A phosphite ligand refers to a phosphine ligand in which the atoms bonded to the P atom are all O atoms. Compared with traditional phosphine ligands, phosphite ligands have the advantages of simple synthesis, resistance to air oxidation, large structural plasticity, and the like, and they exhibit very good catalytic performance in various types of organic synthesis. Phosphite ligands can be classified into monodentate phosphite ligands and bidentate phosphite ligands. The monodentate phosphite ligands have strong structural rigidity, while the structure of bidentate phosphite ligands is highly controllable compared to monodentate phosphite ligands. In addition, the bidentate phosphite ligands are stable in air and tightly bound to the metal. Therefore, the bidentate phosphite ligands are more widely used when catalyzing organic reactions.
Phosphite ligands have the advantages of simple synthesis, easy availability of raw materials, and stable properties. phosphite is not sensitive to oxygen.
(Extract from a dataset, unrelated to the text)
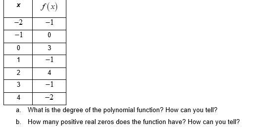 From the table we can see that the value of the polynomial function is first negative, then positive (1 intersection with x-axis), then again negative (second intersection with x-axis), then again positive (third intersection with x-axis), and at last again negative (fourth intersection with x-axis).

At the same time, phosphites are weak ruthenium-electron donors and strong π-electron acceptors. As a ligand, phosphite has a catalytic effect on various types of reactions in organic synthesis such as asymmetric hydrogenation, asymmetric hydroxyformylation, asymmetric 1,4-addition, coupling reaction, etc..
- Asymmetric hydrogenation: Some phosphites and transition metal complexes have a relatively rigid structure, which helps to obtain effective chiral recognition and enhance the enantioselectivity of the product, thus showing very high potential in the asymmetric catalytic hydrogenation of dehydrogenated amino acids. Catalysts formed by phosphites and transition metals have been successfully used for the hydrogenation of ɑ-dehydroamino and β-dehydroamino acid derivatives, as well as the asymmetric ruthenium-catalyzed hydrogenation of itaconate and enamine.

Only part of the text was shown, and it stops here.